While it’s a fun activity for her students, Barber said it also helps underscore the importance of securing a diversified customer base when running your own business.
“You have to think about ways to get more customers in your business,” said Barber. “Whether it’s a restaurant or a book store or a maple business, what are some things you can do to attract a different type of customer that might never have gone into your business before?”
A lot of businesses now offer regular events and activities for kids and families, said Barber.
Think a wreath-making class at a Christmas tree farm or perhaps a cake-decorating class at a bakery - anything that creates an additional revenue stream beyond a business’s core means of money-making.
“If you get your kids in there as well you get a totally different group of adults that are coming to your place that might not have before,” Barber said. “That’s so important - especially now when things are so rough for small businesses.”
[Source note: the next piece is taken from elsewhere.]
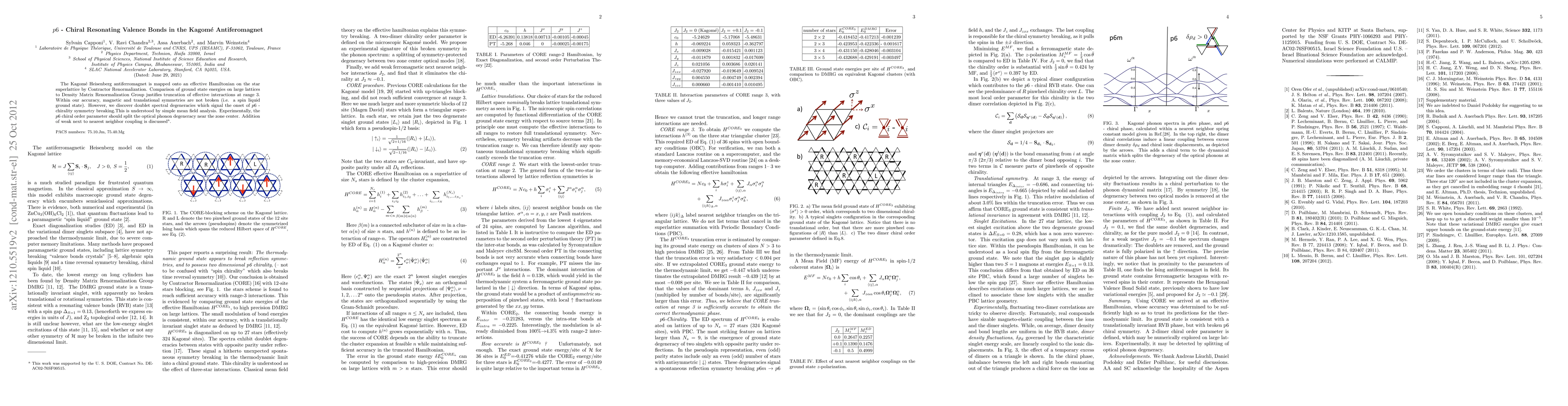The Kagome Heisenberg antiferromagnet is mapped onto an effective Hamiltonian on the star superlattice by Contractor Renormalization. Comparison of ground state energies on large lattices to Density Matrix Renormalization Group justifies truncation of effective interactions at range 3. Within our accuracy, magnetic and translational symmetries are not broken (i.e. a spin liquid ground state). However, we discover doublet spectral degeneracies which signal the onset of p6 - chirality symmetry breaking. This is understood by simple mean field analysis. Experimentally, the p6 chiral order parameter should split the optical phonons degeneracy near the zone center. Addition of weak next to nearest neighbor coupling is discussed.

In addition to graham crackers, Barber’s students had everything from pretzel sticks and marshmallows to Starbursts and Fruit Loops at their fingertips to help decorate their farms, which they’ll continue working on for the next couple of weeks.
Students Mrs. Michelle Barber’s seventh and eighth grade Introduction to Agriculture class used everything from graham crackers and pretzel sticks to Starbursts and Fruit Loops to craft their very own miniature farms - complete with silos, barns, fields and other outbuildings.